The rent is too high: We need a 21st century rent control.

Tuesday 18th of October 2016

Tpas chief executive, Jenny Osbourne attended the The International Union of Tenants congress in Glasgow. The conference called upon its members for controlled rents in the private rental sector, anywhere in cities where escalating rents are pricing people out of housing where they live and work.


Regulation of rents has different names in different parts of the world: rent control, rent regulation, rent stabilisation, rent certainty, etc. But in reality, they all mean basically the same: the real goal of rent regulation is to protect the moral rights of occupancy. Long-term tenants who contributed to their homes being a desirable place to live have a legitimate interest in staying there.

Rent regulation is a response to the power imbalance between landlords and tenants, which creates an opportunity for landlords to exploit tenants that certainly exists in cities with a tight market.


For too long politicians and commentators have been dogmatic in their rejection of any form of rent control. But it is time to look at the issue again.
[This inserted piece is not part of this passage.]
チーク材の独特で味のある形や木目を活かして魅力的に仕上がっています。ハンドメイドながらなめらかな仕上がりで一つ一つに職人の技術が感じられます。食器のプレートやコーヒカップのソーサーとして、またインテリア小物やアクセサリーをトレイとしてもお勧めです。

There is more than one method of regulating rents.

In Germany, a rent-cap is imposed on new leases, and on-going leases are also controlled. In Sweden, all rents are negotiated – between the tenants’ union and private and public landlords. In New York, rents for about 1 million rent stabilised tenants are annually set by the Rent Guidelines Board. In Paris, rent control regulations on all new or renewed leases came into effect in 2015. In the Netherlands, a rent increase is never allowed to exceed the legally established maximum rate, determined every year by the government.


In some countries, even when rent levels for sitting tenants are controlled, rents for new contracts are not regulated, hence they are being set much higher by landlords. To keep housing affordable and have a more equal treatment between new and sitting tenants it is necessary also to have rent regulation for new contracts.
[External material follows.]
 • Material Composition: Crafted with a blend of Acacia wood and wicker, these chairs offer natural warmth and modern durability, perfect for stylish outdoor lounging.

Some argue that the answer to high housing costs is simply increasing supply. This might work if the world’s housing markets functioned normally. But the economic concept of supply and demand, the backbone of the market economy, never seems to prevail in practice – when it comes to housing.


Millions of tenants are seeing increasing amounts of their wages taken up by rent. This affordability disaster is hitting some of the poorest people in society.


This rental catastrophe is negatively impacting many cities’ economies too. Average and lower-income tenants have very little disposable income to use in other parts of the economy – and to spend on their own quality of life, after such a huge outgoing to their landlord. Key workers and others cannot find affordable housing in many cities, which further hampers their own and their cities’ economies.

 

Due to high rents, businesses move out, the service and leisure economies suffer, whilst hitting the poorest hardest, undermining the diversity of big cities and exploiting the most vulnerable. Rents have to be affordable – and controlling them should be a major political priority.


As the growing cost of rent continues to be ignored by those in power, we need a policy that tackles affordability head-on.

The International Union of Tenants and its members are calling for controlled rents in the private rental sector, anywhere in cities where escalating rents are pricing people out of housing where they live and work.

IUT congress statement signed by heads of delegations, Glasgow October 15 2016.